Юрий Збанацкий - Красная роса
Кинулся Гаврило в хату:
— Прися! Проснись-ка, старая!
— Чего тебе, дед?.. — сонно, недовольно просопела жена, сладко зевнула.
— Выгляни на минутку во двор…
— Что за диво ты там узрел?
— Диво и есть…
Прися очнулась, она знала, просто так беспокоить муж ее не станет. Быстро набросила сборчатую юбку, натянула на плечи кофту, просовывая на ходу руки в рукава плисовой коротайки, босиком пошлепала за Гаврилой.
— Ну, чего я здесь не видела? — встала она на пороге.
Гаврило растерянно чесал затылок. Все вокруг было, как и раньше, а роса… Роса была уже серебристо-зеленоватой, а не красной.
— Роса… — виновато глянул Гаврило на Приську.
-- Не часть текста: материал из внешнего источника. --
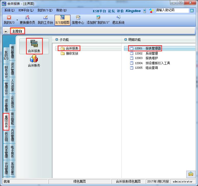 1、登录K3集团账套主控台的界面,依次单击[集团合并]→[合并报表]→[合并报表],双击[报表管理器];

— Тю, блаженный, будто я росы не видела…
— Но ведь она… — виновато чесал затылок дед, а сказать, что эта роса только что была красной, так и не решился.
Из лесу донеслось чье-то покашливание, а там и шаги раздались.
Лесник и лесничиха хотя и знали, что с той стороны могут прийти разве что партизаны, настороженно замолчали, тревожно переглянулись, Приська сразу же узнала:
— Партачок бежит…
Это и в самом деле был Спартак Рыдаев, а зачем спешил так рано, Гаврило знал безошибочно.
— За костылями бежит парень.
Костыли нужны были отцу, а Гаврило был мастер… Он обещал Спартаку сделать костыли.
Спартак умывался, дед Гаврило пошел под навес за новенькими костылями, а баба Приська расспрашивала о лагерных новостях.
— Значит, так и убил тот шальной немчика? Насмерть?
— Наповал…
Спартак в подробностях рассказал об убийстве Рысаком Ганса Рандольфа…
— Кто тебе позволил самоуправство? — сурово спросил Рысака командир.
Тот пытался объяснить, оправдаться:
— Ненавижу… Они… пад-д-люки… батяню замучили… Мстить буду… всю… всю жизнь…
— Трое суток гауптвахты! — велел командир.
Прокурор Голова начал Рысака допрашивать…
Капитан Рыдаев командировал сына за костылями, подальше от того места, где должен был состояться партизанский суд над Рысаком.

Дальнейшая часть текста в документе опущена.